Knowing what brings you purpose and joy in life and then allocating your spending and savings towards these goals can help you stay motivated and on track2. Having these types of activities in the diary and accounted for will not only give you something to look forward to – it could also make you more financially resilient in the future. So, you’ll be less likely to go over budget.
5. Adjust your savings goals
It’s important to understand that the return of socialising and commuting doesn’t mean you can no longer save money. It just means that you need to be realistic about what you can put away.
Adjusting your savings goals based on the new demands on your finances means you’re still committed to a good financial habit, but you’re not setting yourself up for failure.
Automating your savings is one way of sticking to your new goals. Setting up a standing order to transfer money as soon as you have been paid is a great way of ensuring you continue to save.
6. Cut your costs
If saving money is important to you but you're finding it harder than expected, look at where you can reduce your costs.
Regularly checking your bills and switching providers could potentially save you money in the long run. For example, have you recently reviewed your energy bill? Or thought about your mobile contract? Use comparison websites to make sure you're getting the best deal.
Then there are commuting costs. For those who haven’t had to go into the office much yet, train fares can be a shock. If you aren’t going back into the office full-time, you may be able to save yourself money on train fares by using Network Rail’s recently launched Flexi Season ticket. Designed for those who only need to travel to work a couple of times a week, it provides a 20% discount on an equivalent Monthly Season ticket.

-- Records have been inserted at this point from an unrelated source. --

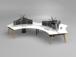 Staverton 88 – 120 Workstation – 6 Person (White Worktops + Oak Edging)
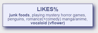 i like junk foods, playing mystery horror games, penguins, romance (or romcom) anime/mangas, and vocaloid (esp vflower!)
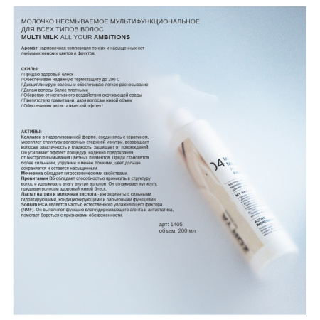 Лёгкое мультифункциональное средство с мгновенным действием — идеальный помощник в уходе за волосами любого типа. Благодаря насыщенной формуле с коллагеном и увлажняющим комплексом молочко моментально разглаживает пряди, облегчает укладку и защищает от негативного влияния термоинструментов и окружающей среды.

7. Save on family entertainment
Why pay full price when you don’t need to? If you’re clever, then there are ways of keeping the cost of family entertainment down.
Schemes such as Tesco Clubcard or Nectar help you build up points which can be redeemed against eating out or family day trips.
Alternatively, you can keep your eye out for discount vouchers. Merlin Entertainment often run promotions with cereals brands that will see adults go free. Or there are websites like vouchercodes.co.uk that provide discount codes on a range of experiences and purchases.
Using discounts or vouchers can allow you to enjoy days out together while making sure that you stick to your budget.
- Quarterly economic commentary: January to March 2021. Data source, ONS, June 2021.